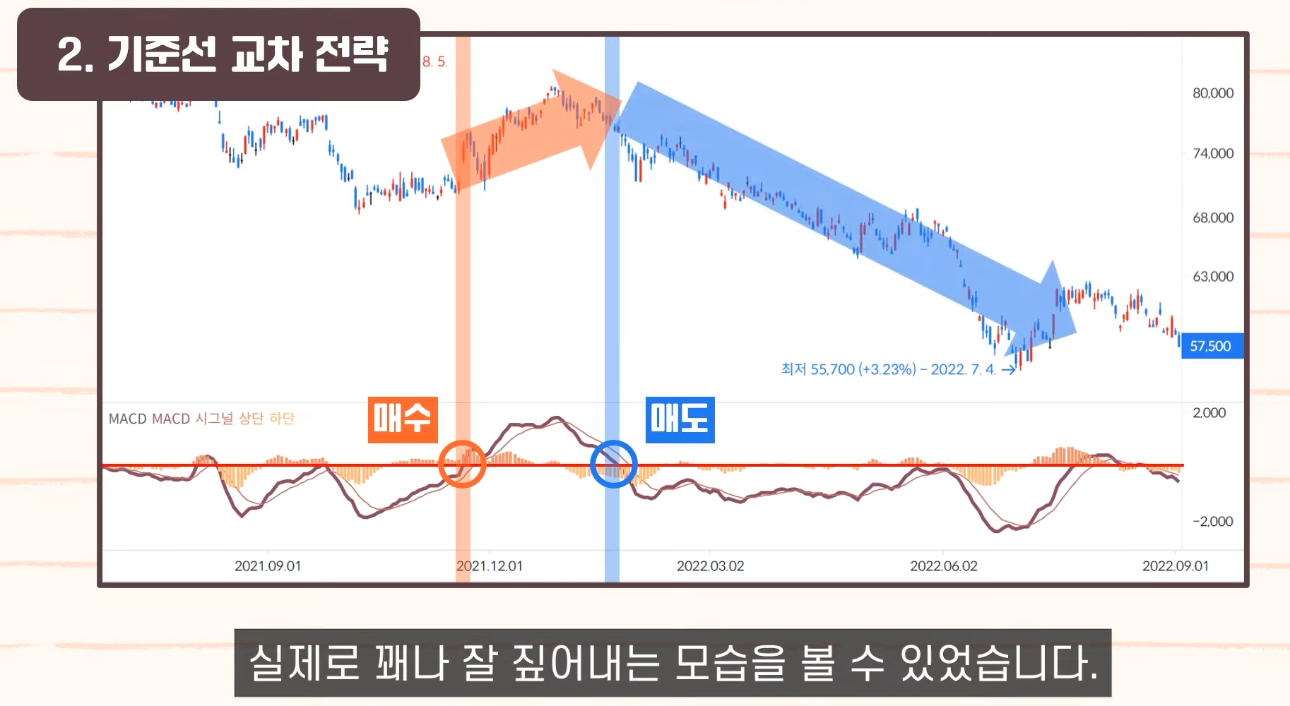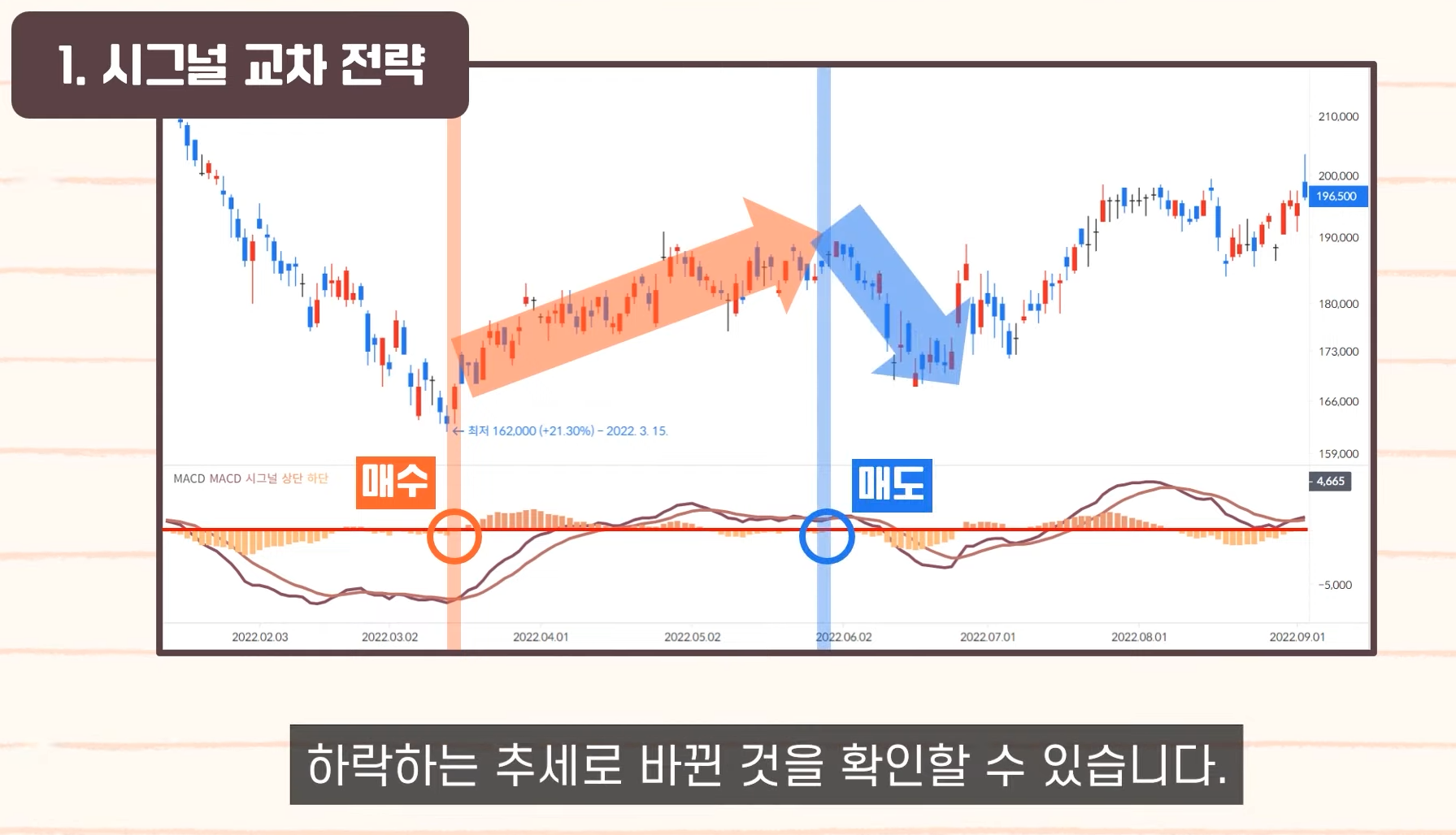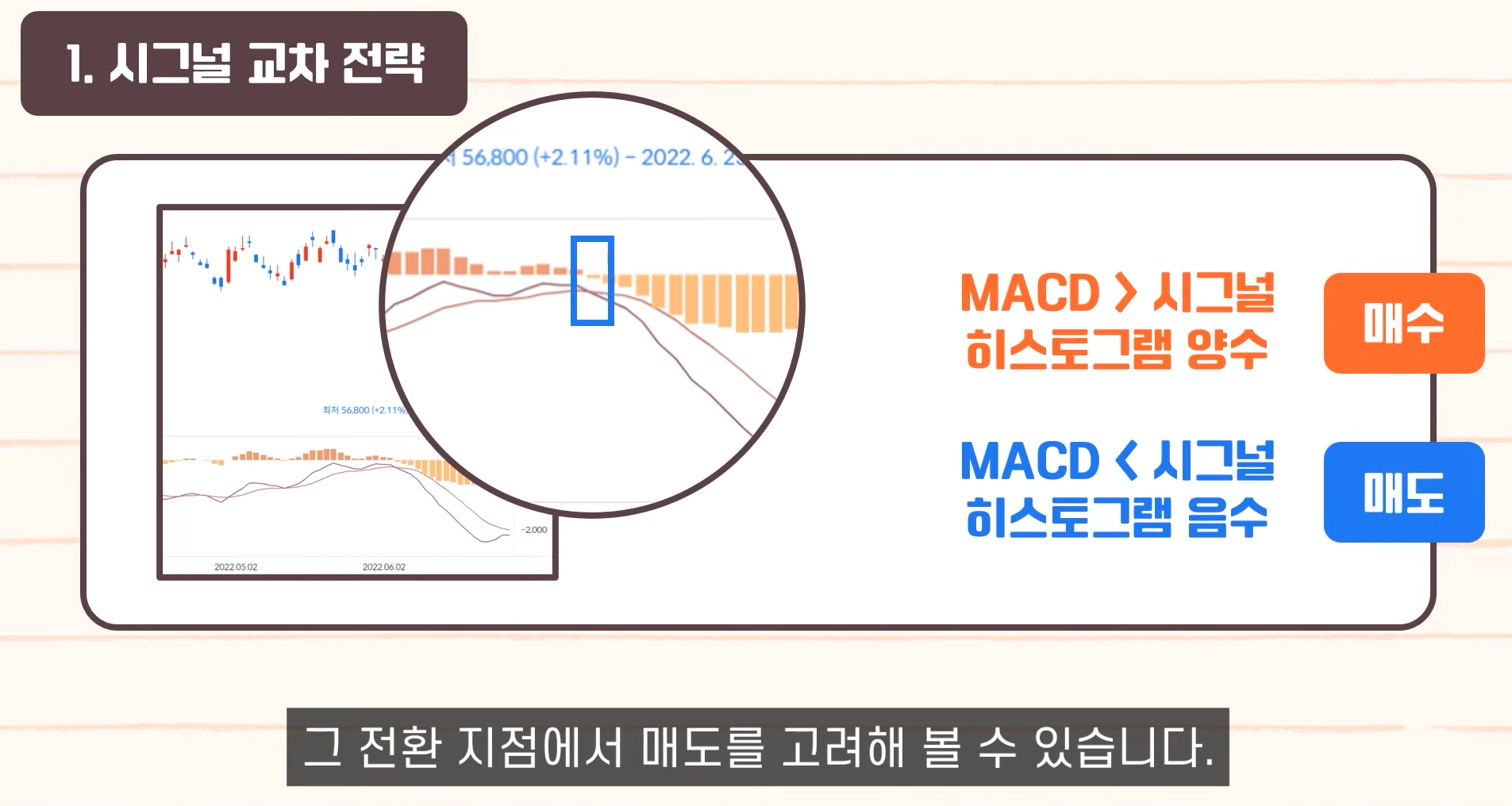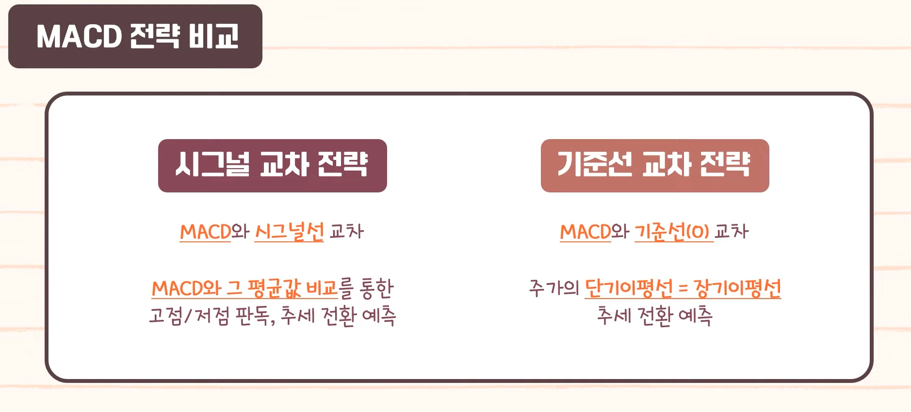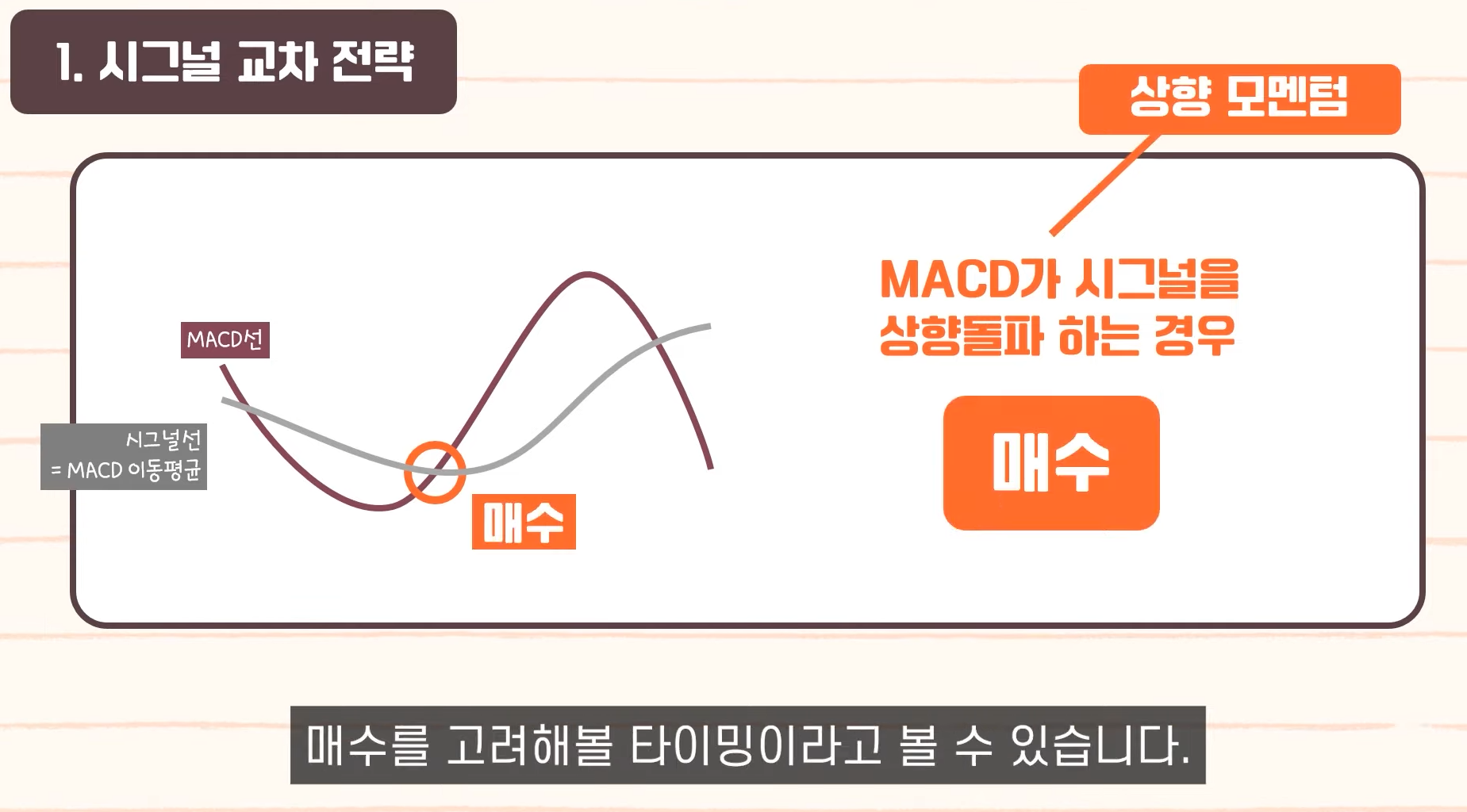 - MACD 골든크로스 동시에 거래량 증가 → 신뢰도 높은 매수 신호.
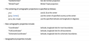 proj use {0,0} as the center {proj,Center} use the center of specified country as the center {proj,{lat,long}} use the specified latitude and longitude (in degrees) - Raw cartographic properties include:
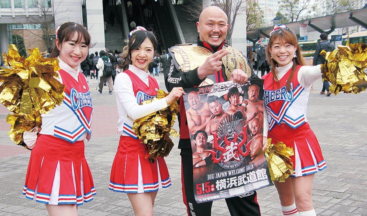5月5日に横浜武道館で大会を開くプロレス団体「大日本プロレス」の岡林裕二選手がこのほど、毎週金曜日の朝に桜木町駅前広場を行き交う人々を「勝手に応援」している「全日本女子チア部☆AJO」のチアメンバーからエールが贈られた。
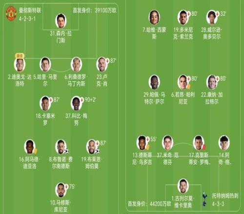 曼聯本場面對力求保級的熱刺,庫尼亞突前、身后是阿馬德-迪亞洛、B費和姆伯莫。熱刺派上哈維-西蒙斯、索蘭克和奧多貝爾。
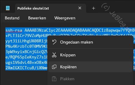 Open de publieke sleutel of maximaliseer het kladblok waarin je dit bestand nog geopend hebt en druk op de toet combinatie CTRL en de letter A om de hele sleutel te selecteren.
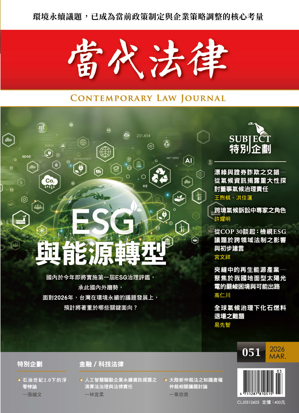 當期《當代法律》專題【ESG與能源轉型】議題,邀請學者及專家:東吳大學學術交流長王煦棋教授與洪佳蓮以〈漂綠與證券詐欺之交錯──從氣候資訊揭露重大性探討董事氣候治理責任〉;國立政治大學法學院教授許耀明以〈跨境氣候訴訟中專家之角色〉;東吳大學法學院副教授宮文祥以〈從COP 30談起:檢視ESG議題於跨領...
- - -
> Assignment: All of the material must be repeated exactly in the answer, apart from the pictures.

> Solution to the problem:
 - MACD 골든크로스 동시에 거래량 증가 → 신뢰도 높은 매수 신호.
 proj use {0,0} as the center {proj,Center} use the center of specified country as the center {proj,{lat,long}} use the specified latitude and longitude (in degrees) - Raw cartographic properties include:
5月5日に横浜武道館で大会を開くプロレス団体「大日本プロレス」の岡林裕二選手がこのほど、毎週金曜日の朝に桜木町駅前広場を行き交う人々を「勝手に応援」している「全日本女子チア部☆AJO」のチアメンバーからエールが贈られた。
 曼聯本場面對力求保級的熱刺,庫尼亞突前、身后是阿馬德-迪亞洛、B費和姆伯莫。熱刺派上哈維-西蒙斯、索蘭克和奧多貝爾。
 Open de publieke sleutel of maximaliseer het kladblok waarin je dit bestand nog geopend hebt en druk op de toet combinatie CTRL en de letter A om de hele sleutel te selecteren.
 當期《當代法律》專題【ESG與能源轉型】議題,邀請學者及專家:東吳大學學術交流長王煦棋教授與洪佳蓮以〈漂綠與證券詐欺之交錯──從氣候資訊揭露重大性探討董事氣候治理責任〉;國立政治大學法學院教授許耀明以〈跨境氣候訴訟中專家之角色〉;東吳大學法學院副教授宮文祥以〈從COP 30談起:檢視ESG議題於跨領...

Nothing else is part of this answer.